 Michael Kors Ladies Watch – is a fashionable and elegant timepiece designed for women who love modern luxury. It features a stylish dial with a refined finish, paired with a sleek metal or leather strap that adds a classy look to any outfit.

============================================================

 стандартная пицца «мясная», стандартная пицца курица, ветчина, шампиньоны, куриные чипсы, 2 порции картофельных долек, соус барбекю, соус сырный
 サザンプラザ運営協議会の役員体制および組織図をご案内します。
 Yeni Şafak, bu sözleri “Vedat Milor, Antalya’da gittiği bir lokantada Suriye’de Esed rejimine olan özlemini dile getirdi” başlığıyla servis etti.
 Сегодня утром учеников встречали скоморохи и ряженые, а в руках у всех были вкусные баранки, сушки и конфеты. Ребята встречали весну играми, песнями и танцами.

============================================================

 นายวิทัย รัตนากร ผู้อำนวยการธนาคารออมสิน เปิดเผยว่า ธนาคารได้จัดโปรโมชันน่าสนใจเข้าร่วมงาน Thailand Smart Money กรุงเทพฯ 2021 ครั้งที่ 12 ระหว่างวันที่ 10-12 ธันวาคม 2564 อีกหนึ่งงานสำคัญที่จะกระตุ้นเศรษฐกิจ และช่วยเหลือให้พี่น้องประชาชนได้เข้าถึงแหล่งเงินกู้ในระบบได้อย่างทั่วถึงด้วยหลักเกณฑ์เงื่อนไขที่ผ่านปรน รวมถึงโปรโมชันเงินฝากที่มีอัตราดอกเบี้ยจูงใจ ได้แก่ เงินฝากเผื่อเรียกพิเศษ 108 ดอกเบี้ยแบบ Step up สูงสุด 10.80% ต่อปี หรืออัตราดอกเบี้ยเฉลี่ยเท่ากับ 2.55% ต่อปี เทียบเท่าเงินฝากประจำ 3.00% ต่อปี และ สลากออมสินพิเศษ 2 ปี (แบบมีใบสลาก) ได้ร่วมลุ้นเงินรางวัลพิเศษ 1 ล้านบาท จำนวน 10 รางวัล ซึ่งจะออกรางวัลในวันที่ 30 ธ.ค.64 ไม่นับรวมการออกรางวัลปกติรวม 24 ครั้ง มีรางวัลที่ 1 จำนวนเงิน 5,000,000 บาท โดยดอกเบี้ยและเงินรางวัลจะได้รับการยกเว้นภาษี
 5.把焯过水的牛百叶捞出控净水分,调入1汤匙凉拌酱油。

============================================================

* _Work order_:
Would you please write out, exactly and with no other lines, the stretch of the listing above from the line containing "барбекю, соус сырный" through the line containing "Сегодня утром учеников"?

* _Response box_:
 стандартная пицца «мясная», стандартная пицца курица, ветчина, шампиньоны, куриные чипсы, 2 порции картофельных долек, соус барбекю, соус сырный
 サザンプラザ運営協議会の役員体制および組織図をご案内します。
 Yeni Şafak, bu sözleri “Vedat Milor, Antalya’da gittiği bir lokantada Suriye’de Esed rejimine olan özlemini dile getirdi” başlığıyla servis etti.
 Сегодня утром учеников встречали скоморохи и ряженые, а в руках у всех были вкусные баранки, сушки и конфеты. Ребята встречали весну играми, песнями и танцами.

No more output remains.